Re: [patch 1/2]vmscan: correct all_unreclaimable for zone without lru pages

Shaohua Li <shaohua.li@xxxxxxxxx> · Sat, 08 Oct 2011 13:48:21 +0800



On Sat, 2011-10-08 at 12:32 +0800, Minchan Kim wrote:
> On Sat, Oct 08, 2011 at 11:09:51AM +0800, Shaohua Li wrote:
> > On Sat, 2011-10-01 at 14:59 +0800, Minchan Kim wrote:
> > > On Fri, Sep 30, 2011 at 10:12:23AM +0800, Shaohua Li wrote:
> > > > On Thu, 2011-09-29 at 17:18 +0800, Minchan Kim wrote:
> > > > > On Thu, Sep 29, 2011 at 09:14:51AM +0800, Shaohua Li wrote:
> > > > > > On Thu, 2011-09-29 at 01:57 +0800, Minchan Kim wrote:
> > > > > > > On Wed, Sep 28, 2011 at 03:08:31PM +0800, Shaohua Li wrote:
> > > > > > > > On Wed, 2011-09-28 at 14:57 +0800, Minchan Kim wrote:
> > > > > > > > > On Tue, Sep 27, 2011 at 03:23:04PM +0800, Shaohua Li wrote:
> > > > > > > > > > I saw DMA zone always has ->all_unreclaimable set. The reason is the high zones
> > > > > > > > > > are big, so zone_watermark_ok/_safe() will always return false with a high
> > > > > > > > > > classzone_idx for DMA zone, because DMA zone's lowmem_reserve is big for a high
> > > > > > > > > > classzone_idx. When kswapd runs into DMA zone, it doesn't scan/reclaim any
> > > > > > > > > > pages(no pages in lru), but mark the zone as all_unreclaimable. This can
> > > > > > > > > > happen in other low zones too.
> > > > > > > > >
> > > > > > > > > Good catch!
> > > > > > > > >
> > > > > > > > > > This is confusing and can potentially cause oom. Say a low zone has
> > > > > > > > > > all_unreclaimable when high zone hasn't enough memory. Then allocating
> > > > > > > > > > some pages in low zone(for example reading blkdev with highmem support),
> > > > > > > > > > then run into direct reclaim.

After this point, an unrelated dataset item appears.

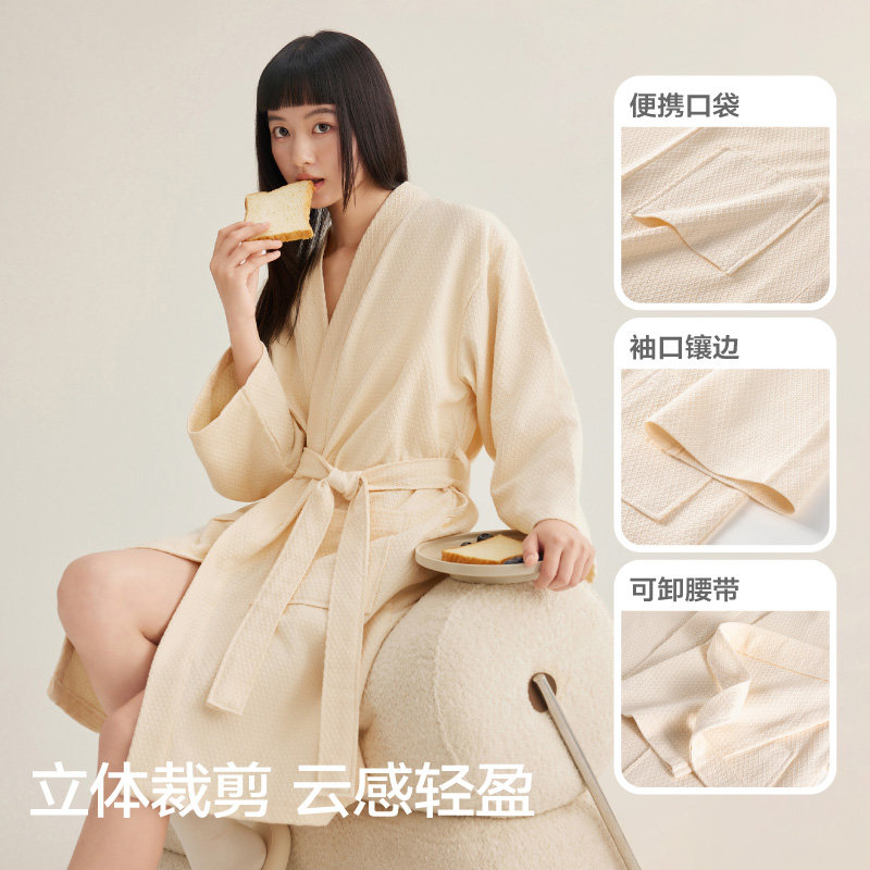 三利10A抗菌浴袍女款 夏吸水速干纯棉浴衣华夫格睡袍可穿浴巾四季由

Since the zone has all_unreclaimable set,
> > > > > > > > > > direct reclaim might reclaim nothing and an oom reported. If
> > > > > > > > > > all_unreclaimable is unset, the zone can actually reclaim some pages.
> > > > > > > > > > If all_unreclaimable is unset, in the inner loop of balance_pgdat we always have
> > > > > > > > > > all_zones_ok 0 when checking a low zone's watermark. If high zone watermark isn't
> > > > > > > > > > good, there is no problem. Otherwise, we might loop one more time in the outer
> > > > > > > > > > loop, but since high zone watermark is ok, the end_zone will be lower, then low
> > > > > > > > > > zone's watermark check will be ok and the outer loop will break. So looks this
> > > > > > > > > > doesn't bring any problem.
> > > > > > > > >
> > > > > > > > > I think it would be better to correct zone_reclaimable.
> > > > > > > > > My point is zone_reclaimable should consider zone->pages_scanned.
> > > > > > > > > The point of the function is how many pages scanned VS how many pages remained in LRU.
> > > > > > > > > If reclaimer doesn't scan the zone at all because of no lru pages, it shouldn't tell
> > > > > > > > > the zone is all_unreclaimable.
> > > > > > > > actually this is exact my first version of the patch. The problem is if
> > > > > > > > a zone is true unreclaimable (used by kenrel pages or whatever), we will
> > > > > > > > have zone->pages_scanned 0 too. I thought we should set
> > > > > > > > all_unreclaimable in this case.
> > > > > > >
> > > > > > > Let's think the problem again.
> > > > > > > Fundamental problem is that why the lower zone's lowmem_reserve for higher zone is huge big
> > > > > > > that might be bigger than the zone's size.
> > > > > > > I think we need the boundary for limiting lowmem_reseve.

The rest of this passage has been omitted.